Recorded information:
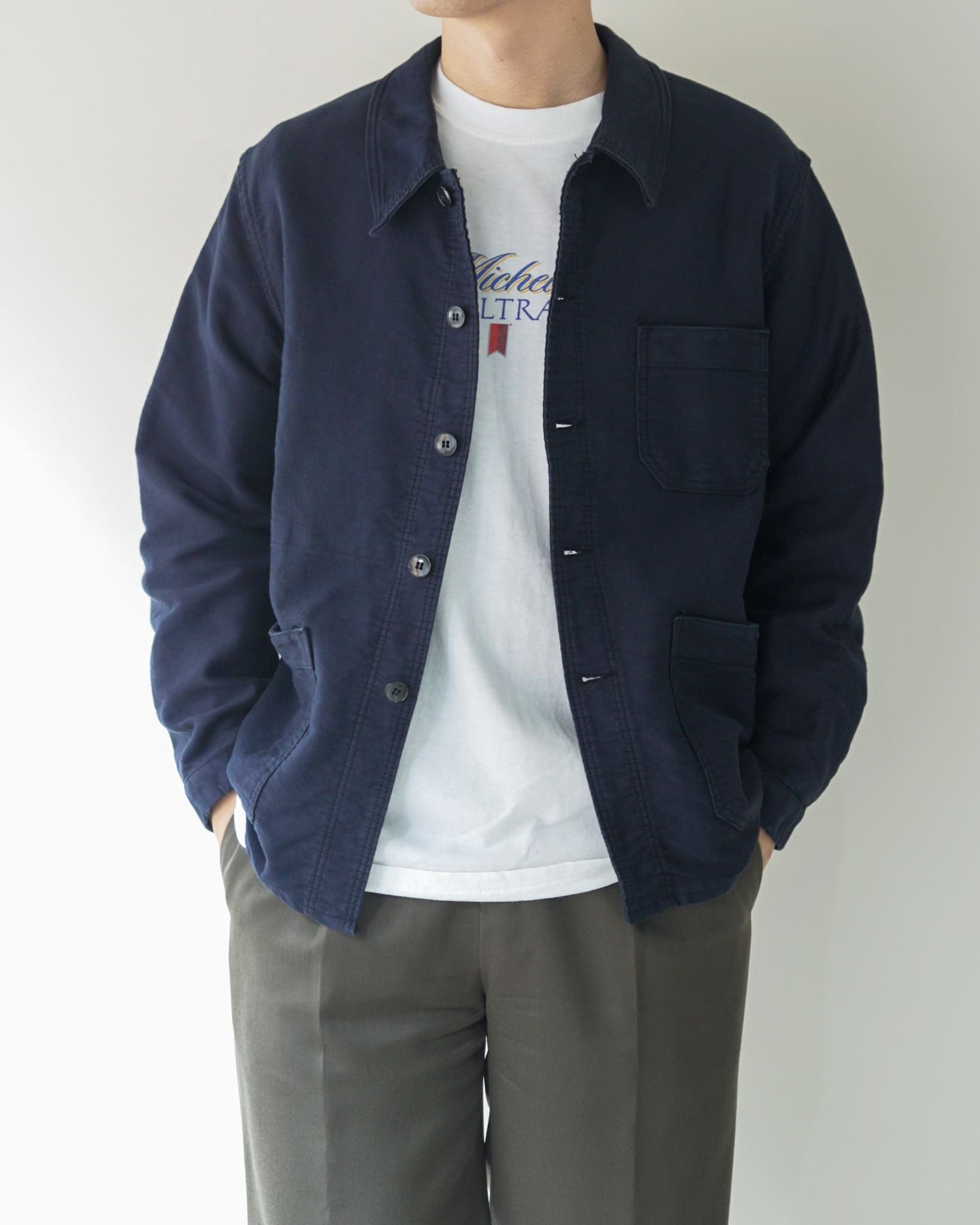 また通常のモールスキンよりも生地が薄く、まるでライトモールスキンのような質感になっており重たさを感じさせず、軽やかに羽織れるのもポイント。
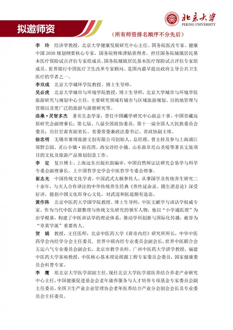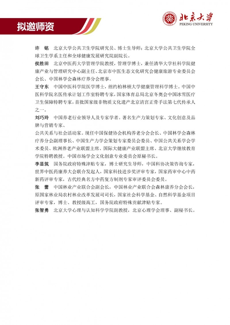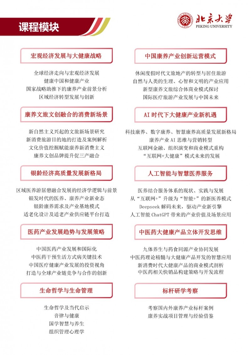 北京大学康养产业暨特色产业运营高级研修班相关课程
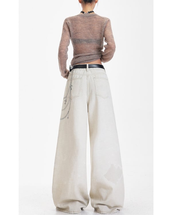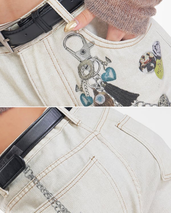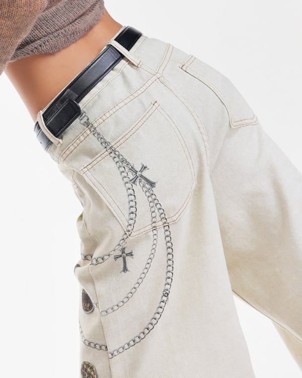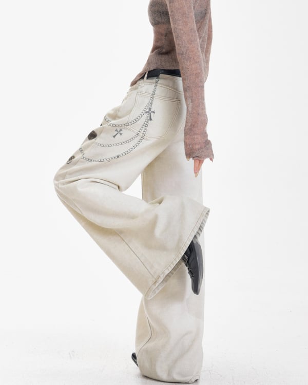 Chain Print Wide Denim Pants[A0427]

Required work: Every line above needs to be written out again as it stands. Pictures do not belong in the copy.

Response to this exercise:
 また通常のモールスキンよりも生地が薄く、まるでライトモールスキンのような質感になっており重たさを感じさせず、軽やかに羽織れるのもポイント。
 北京大学康养产业暨特色产业运营高级研修班相关课程
 Chain Print Wide Denim Pants[A0427]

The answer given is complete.